The ROC indicator is a technical analysis indicator belonging to the class of oscillators. It shows the rate of price change over a certain time period (n-periods). As you know, technical analysis of financial instruments is based on the fact that the market is always cyclical. At first glance, it may seem that the charts are unique and to some extent this is so, nevertheless, if uniqueness were really an integral and only sign of price changes, more than one indicator would not give profit to the trader.
Any trading instrument - currency pairs, stocks, options and futures - always change its value in a certain way. This is due to the nature of financial markets. There is always a struggle between sellers and buyers. Prices change a lot when certain ones prevail over rivals, and this in turn gives rise to patterns that are tracked and can be used with the help of technical analysis. We also recommend reading MACD Indicator.
The ROC indicator is a cunning oscillator, it quite accurately shows optimism / pessimism in the market.

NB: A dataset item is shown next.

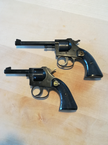 2 x Revolver Röhm RG 6 s, 1x Kaliber .22 l.r. ( oben im Bild ), 1x Kaliber 6mm Flobert Knall ( unten im Bild ) , Zustand gut, Verkauf nur an Händler und Sammler da beim .22 er kein gültiger Beschuss bzw. beim Flobert kein PTB-Zeichen. Beim Flobert fehlt die Ausstoßerstange.

Like any other indicator of the family, it can be used in several ways: to analyze divergences, to track “breakouts” of signal levels directly on the indicator chart.
If there is an increase in the ROC oscillator, it means that the market is dominated by bulls, if the bears are falling. Accordingly, a strong incentive to trade may be a situation when, for example, there is a trend in the market, and the ROC indicator gives a signal in the same direction. You say this is how all oscillators work? Yes, you are right, but there is also a difference, and a significant one. Due to the nature (formula) of the rate of price change, the ROC indicator can also signal the strength of market participants. If we see a strong slope in the roc indicator chart, this indicates a stronger sentiment of the corresponding type of market participants. That is, when working with the ROC indicator, you can conduct analysis more accurately and comprehensively, which will allow you to earn more.